Most credit card review sites assign scores based on a fixed rubric, a checklist of benefits weighted by what the reviewer thinks matters.
The problem with that approach is obvious: what matters to a frequent flyer is irrelevant to someone who just wants cashback on Swiggy orders.
Monzy scores cards differently.
Our scores are situation or spend-specific, derived from the same recommendation engine we use to match real users to cards every day.
A Monzy Score is always shown alongside the persona it was calculated for, for example, "7.1 / 10 for online shoppers" or "5.8 / 10 for frequent flyers."
The same card may carry different scores for different personas, and that is intentional. It reflects reality: there is no single best credit card, only the best card for a specific set of priorities.
The score is recalculated automatically whenever our recommendation logic is updated, so it stays consistent with what our engine would actually recommend, not what a static rubric from two years ago would suggest.
Here is exactly how our scoring methodology works:
Before anything else, we ask your preferences. Based on that, we identify which benefit categories genuinely move the needle for you.
We do this by running a simulated preference exercise across benefit attributes — things like extra rewards on online shopping, dining benefits, lounge access, fuel cashback, entertainment perks, and so on.

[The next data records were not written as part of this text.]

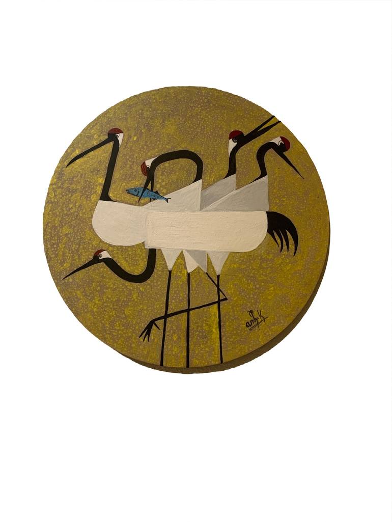 A minimalist depiction of flamingo, emphasizing themes of unity, harmony, and the beauty of nature through simple geometric shapes. size: 50/50cm Acrvlic Canvas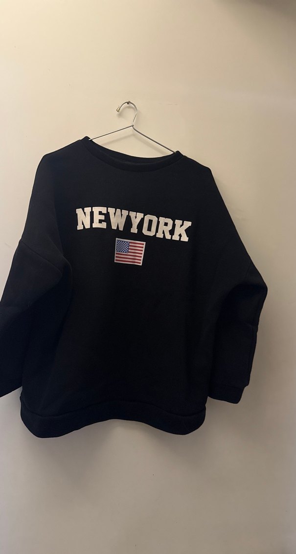 Siyah, uzun kollu, yuvarlak yaka, bol kesim sweatshirt. Önünde New York yazısı ve Amerikan bayrağı baskısı bulunur. Rahat ve sıcak kumaştan üretilmiştir.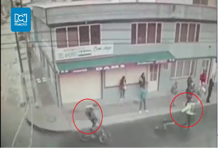 Los criminales arriban a la zona a bordo de sus bicicleta, se bajan de manera abrupta y proceden a intimidar y atracar a todas las personas que están en la zona, mientras amenazan con chuzarlos a todos.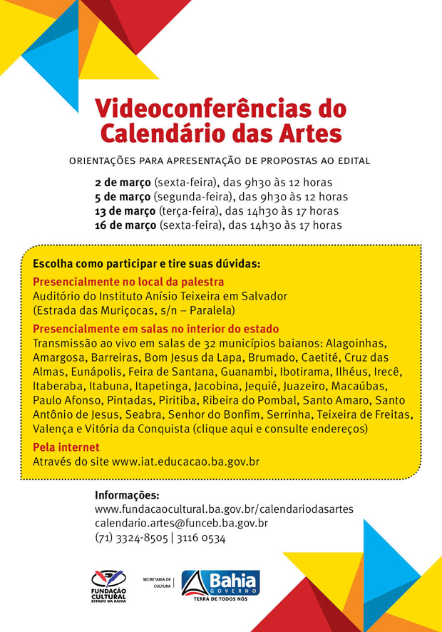 Para divulgar e dar instruções sobre a 1ª Chamada do Calendário das Artes, a Fundação Cultural do Estado da Bahia (FUNCEB), unidade da Secretaria de Cultura do Estado (SecultBA), promotora do edital, vai realizar a série de Videoconferências do Calendário das Artes. Serão quatro momentos de orientações: 2 de março (sexta-feira), das 9h30 às 12 horas; 5 de março (segunda-feira), das 9h30 às 12 horas; 13 de março (terça-feira), das 14h30 às 17 horas; e 16 de março (sexta-feira), das 14h30 às 17 horas. As videoconferências são conduzidas pela equipe da FUNCEB e podem ser acompanhadas ao vivo pela internet (no endereço www.iat.educacao.ba.gov.br) ou em 34 pontos de exibição localizados na capital e mais 32 municípios baianos, incluindo o próprio local de gravação das palestras – o auditório do Instituto Anísio Teixeira (IAT), em Salvador.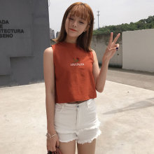 夏季新款字母花朵刺绣圆领无袖T恤背心修身显瘦短款上衣打底衫女

Attributes that you consistently rate as important get positive weight. Attributes you consistently deprioritise get negative weight.

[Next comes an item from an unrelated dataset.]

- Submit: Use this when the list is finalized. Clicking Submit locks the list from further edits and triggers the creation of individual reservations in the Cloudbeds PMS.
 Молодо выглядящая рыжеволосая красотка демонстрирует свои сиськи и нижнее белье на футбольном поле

A card is then scored by how well its actual benefits align with that weight.
A card packed with golf benefits and international lounge access scores poorly for a user whose top priorities are Swiggy and Amazon.
A flat cashback card with no travel perks scores poorly for a frequent flyer.

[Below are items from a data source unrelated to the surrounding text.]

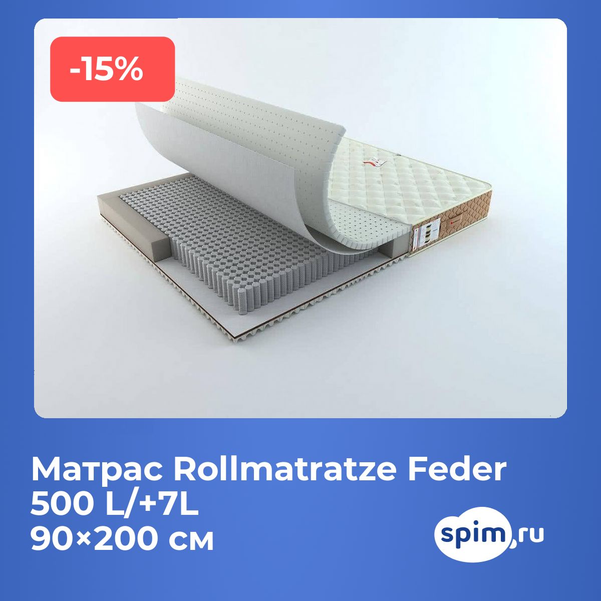 Односпальный матрас Rollmatratze Feder 500 L/+7L 90х200 подойдет для кроватей с размерами спального места, обозначенными как 90x200 см, 900х2000 мм, 200х90 см, 2000х900 мм (ширина 90 см, длина 200 см).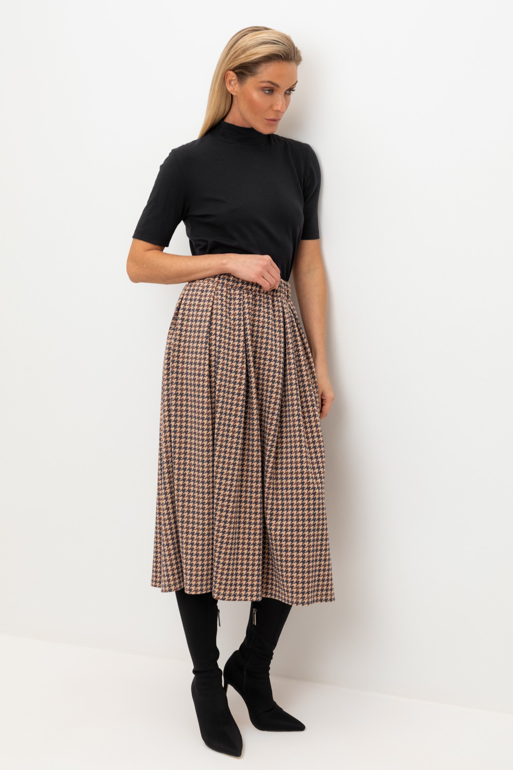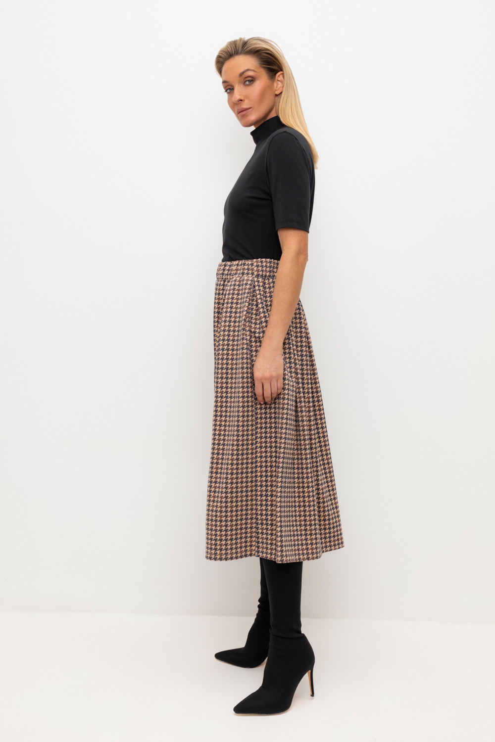 Трикотажная юбка с карманами длины миди из плотного гладкого трикотажа интерлок, произведенного из высококачественного гребенного хлопка. В составе 48% натурального хлопка и 52% полиэстера, при этом полиэстер ввязан внутрь по особой технологии и не соприкасается с кожей. Застегивается на потайную молнию. Изделие сохраняет цвет и форму после многократных стирок.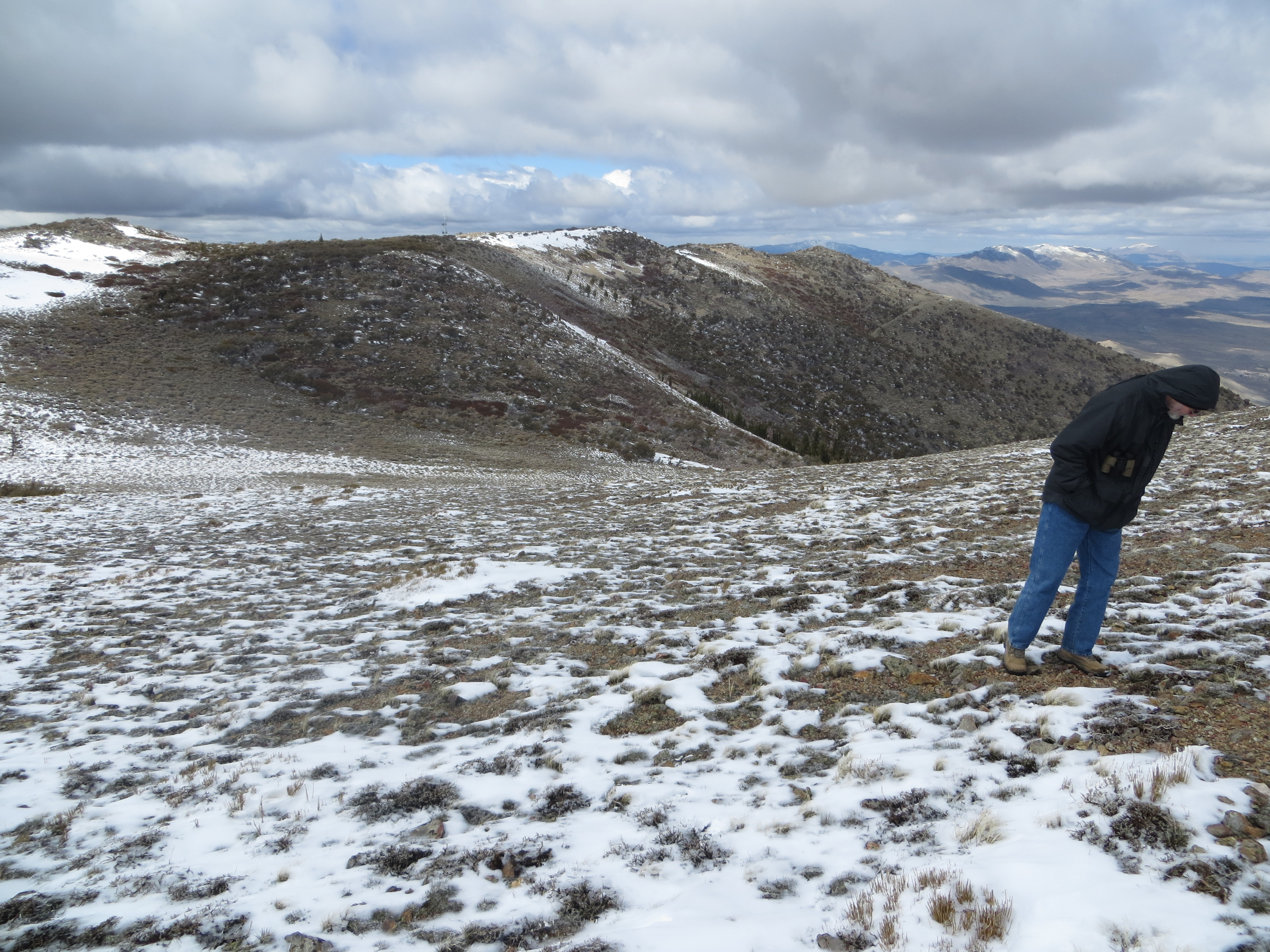 Dr. Jeff Doyle (Cornell University) trying to stay warm while searching for the elusive flowering Claytonia.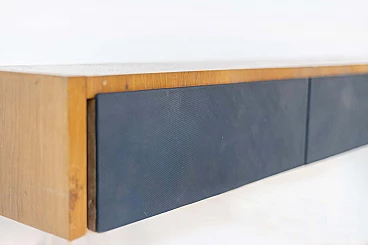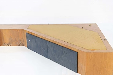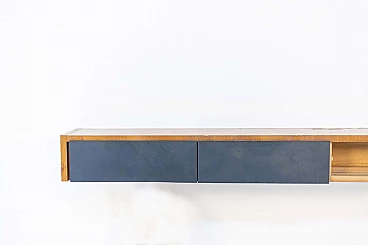 Consolle da parete attribuita a Melchiorre Bega in noce e tessuto blu, anni '50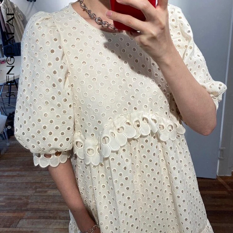 SHENGPALAE, комбинированное женское платье, круглый вырез, пышное, короткий рукав, выдалбливают, большие размеры, свободные, миди платья, женская одежда, новинка 2020, ZA3842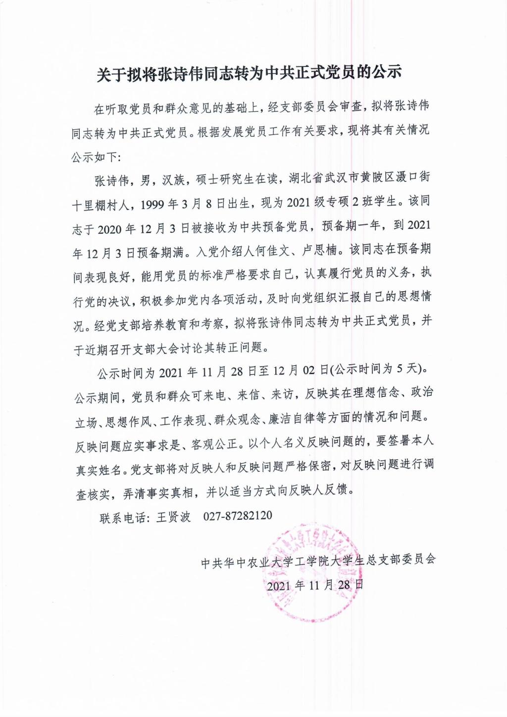 【研】关于拟将张诗伟同志转为中共正式党员的公示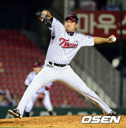 14일 오후 서울 잠실구장에서 열린 '2013 한국야쿠르트 세븐 프로야구' LG 트윈스와 NC 다이노스의 경기, 8회말 2사 1,2루 LG 봉중근이 마운드에 올라 역투하고 있다.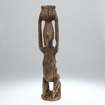 Dogon, Westafrika. Holz, geschnitzt. H. 56,5 cm. Witterungsspuren, Holz in unterer Gesichtspartie etw. nachgiebig. Provenienz: Norddeutsche Privatsammlung. Die knieende Figur trägt ein Gefäß auf dem Kopf. Dieses ist oben flach ausgeführt. Auf dem Rücken klammert sich, als Relief geschnitzt, ein Kind. Der Kopf ist hoch und schmal ausgeführt, mit einer kammartig über den Hinterkopf laufenden Frisur.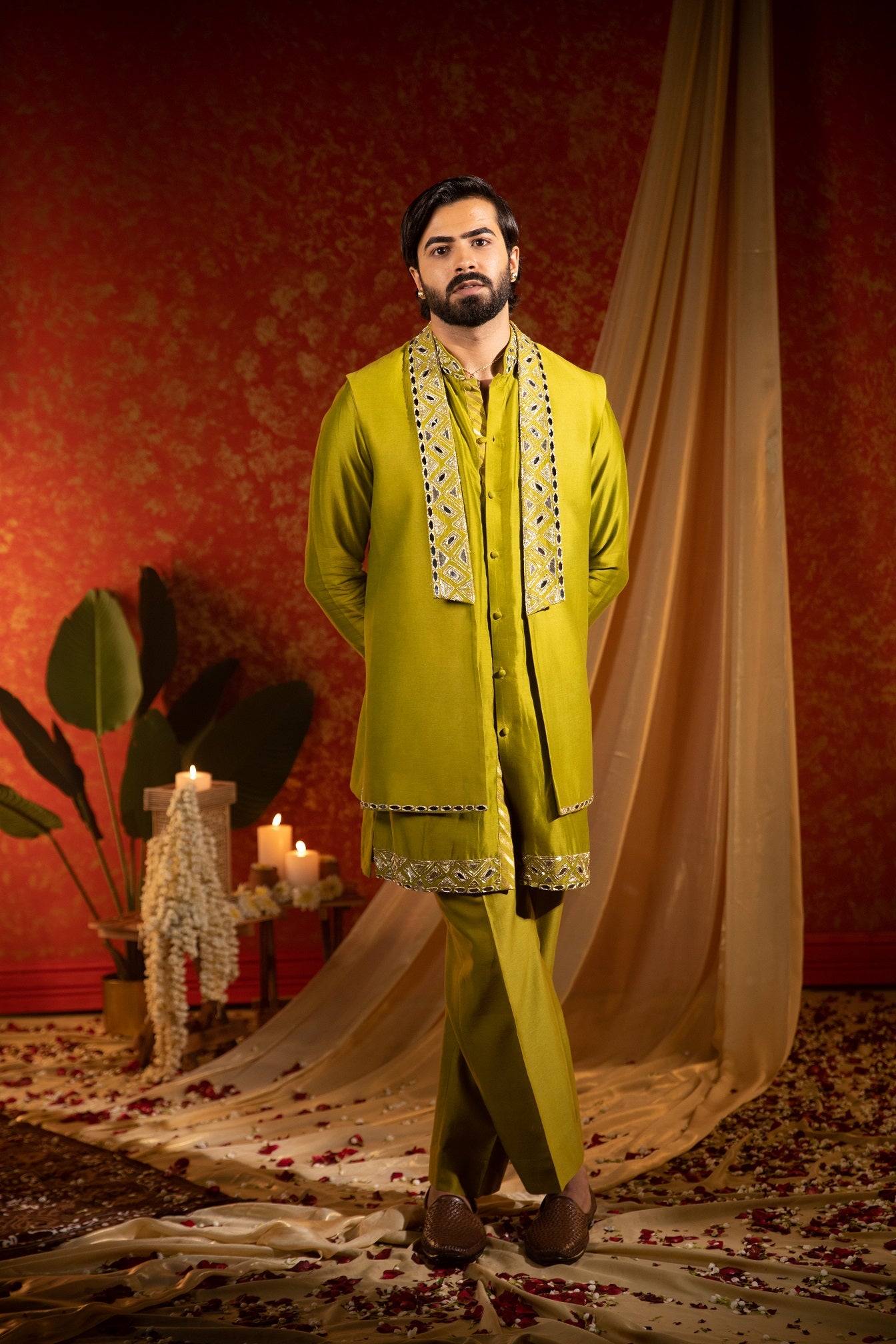 Mirror lapel kurta bandi set

Both scores are correct, for those users.
From the shortlist, we filter out based on 3 fundamental questions about credit cards:
These three choices eliminate many irrelevant choices.
A cashback seeker should never be matched against a rewards or miles card, and a lifetime-free preference should not be matched with premium paid cards.
Finally, we check whether the card's overall benefit profile genuinely matches the preferences revealed in the first step — not just on individual attributes, but as a complete package.
This catches cases where a card looks good on paper but is a poor fit in practice, for example a card with a strong online cashback rate but an exclusion list so long that most of a typical user’s spend earns nothing.
Cards that pass this validation cleanly receive a higher confidence score.
Cards where there is a meaningful mismatch between headline benefits and real-world fit are scored lower and flagged accordingly.